Single thread consumption
- On the basis of 1, a Consumer is mapped to different queues based on the information ID to speed up consumption.
Memory queue
4 Data Reliability
4.1 Messaging semantics
Kafka ensures message delivery semantics between producers and consumers. There are three delivery guarantees:
- A message may be lost, but it is never transmitted again.
- A message is never lost, but may be transmitted repeatedly.
- Exactly once: Exactly once. The message is processed and only processed once. Do not lose do not repeat once.
Ideally you would want your system’s messaging to be strictly exactly once, but it’s hard to do. The following will be roughly described according to the dissemination process of the message.
4.2 Information from producer to Broker
4.2.1 Sending producer information to the Broker
The general steps are as follows:
- Producer finds the Leader metadata of the target Partition from ZK.
- Producer sends messages to the Leader.
- The Leader accepts message persistence and then chooses how to synchronize followers based on the acks configuration.
- Followder synchronizes the data and sends an ACK to the Leader.
- After the synchronization between the Leader and followers is complete, the Leader sends an ACK to the producer.
For a Leader reply ACK, Kafka provides users with three reliability levels, based on trade-offs between reliability and latency requirements.
- request.required.acks = 0
- producer
Don't wait for
The ACK of the broker provides a minimum delay. The broker returns a received message before it has been written to disk and may lose data if the broker fails, corresponding to the At Most Once mode.- In the case of declining disk success information is lost, the general production is not.

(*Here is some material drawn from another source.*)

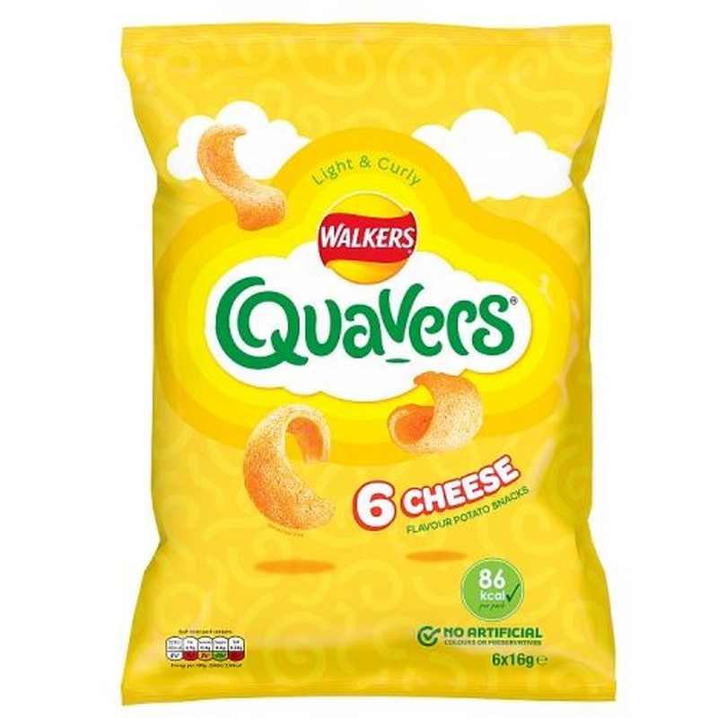 Cheese & Onion Per 100g: Energy: 2209kJ, : 530kcal, Fat: 31.9g, of which saturates: 4.1g, Carbohydrate: 53.0g, of which sugars: 3.1g, Fibre: 3.0g, Protein: 6.1g, Salt: 1.27g, RI = reference intake of an average adult (8400kJ / 2000kcal), Pack contains 4 servings Per 25g Pack: Energy: 552kJ, : 132kcal, Fat: 8.0g, of which saturates: 1.0g, Carbohydrate: 13.3g, of which sugars: 0.8g, Fibre: 0.8g, Protein: 1.5g, Salt: 0.32g, RI = reference intake of an average adult (8400kJ / 2000kcal), Pack contains 4 servings % adult RI per 25g Pack: Energy, : 7%, Fat: 11%, of which saturates: 5%, Carbohydrate, of which sugars: 1%, Fibre, Protein, Salt: 5%, RI = reference intake of an average adult (8400kJ / 2000kcal), Pack contains 4 servings Salt & Vinegar Per 100g: Energy: 2208kJ, : 529kcal, Fat: 31.8g, of which saturates: 4.0g, Carbohydrate: 53.6g, of which sugars: 0.8g, Fibre: 2.9g, Protein: 5.7g, Salt: 1.69g, RI = reference intake of an average adult (8400kJ / 2000kcal), Pack contains 3 servings Per 25g Pack: Energy: 552kJ, : 132kcal, Fat: 8.0g, of which saturates: 1.0g, Carbohydrate: 13.4g, of which sugars: 0.2g, Fibre: 0.7g, Protein: 1.4g, Salt: 0.42g, RI = reference intake of an average adult (8400kJ / 2000kcal), Pack contains 3 servings % adult RI per 25g Pack: Energy, : 7%, Fat: 11%, of which saturates: 5%, Carbohydrate, of which sugars: <1%, Fibre, Protein, Salt: 7%, RI = reference intake of an average adult (8400kJ / 2000kcal), Pack contains 3 servings Smoky Bacon Per 100g: Energy: 2207kJ, : 529kcal, Fat: 31.5g, of which saturates: 3.9g, Carbohydrate: 54.4g, of which sugars: 3.4g, Fibre: 2.9g, Protein: 5.5g, Salt: 1.42g, RI = reference intake of an average adult (8400kJ / 2000kcal), Pack contains 3 servings Per 25g Pack: Energy: 552kJ, : 132kcal, Fat: 7.9g, of which saturates: 1.0g, Carbohydrate: 13.6g, of which sugars: 0.9g, Fibre: 0.7g, Protein: 1.4g, Salt: 0.35g, RI = reference intake of an average adult (8400kJ / 2000kcal), Pack contains 3 servings % adult RI per 25g Pack: Energy, : 7%, Fat: 11%, of which saturates: 5%, Carbohydrate, of which sugars: 1%, Fibre, Protein, Salt: 6%, RI = reference intake of an average adult (8400kJ / 2000kcal), Pack contains 3 servings

- request.required.acks = 1
- This is the default value, producer waits for the ACK of the broker, partition’s
The leader returns an ACK after the drive is successfully dropped
If the follower leader fails before the follower synchronization is successful, data will be lost. The leader is considered successful if it returns information.
- request.required.acks = -1 / all
- The producer waits for the ACK of the broker, and the partition’s leader and follower (in the ISR)
All trading
Return ack on success.- However, if the leader returns OK after the follower receives the message but fails to send an ACK, the producer will
again
Send a message to followers.- Corresponds to the At Least Once mode.
4.2.2 How to ensure idempotency
If a business needs data Exactly Once, in earlier versions of Kafka it could only be rerouted downstream. Now an idempotence is introduced, meaning that no matter how many duplicate messages the producer sends, the Server will persist only one data.
At Least Once = Exactly Once
Idompotence = true. Producers with idempotent enabled will be assigned a PID during initialization. Messages sent to the same Partition will have Sequence numbers attached to them. That’s how we judge uniqueness. However, if the PID is restarted, it will change, and different partitions also have different primary keys, so idempotent cannot guarantee Exactly Once across partition sessions.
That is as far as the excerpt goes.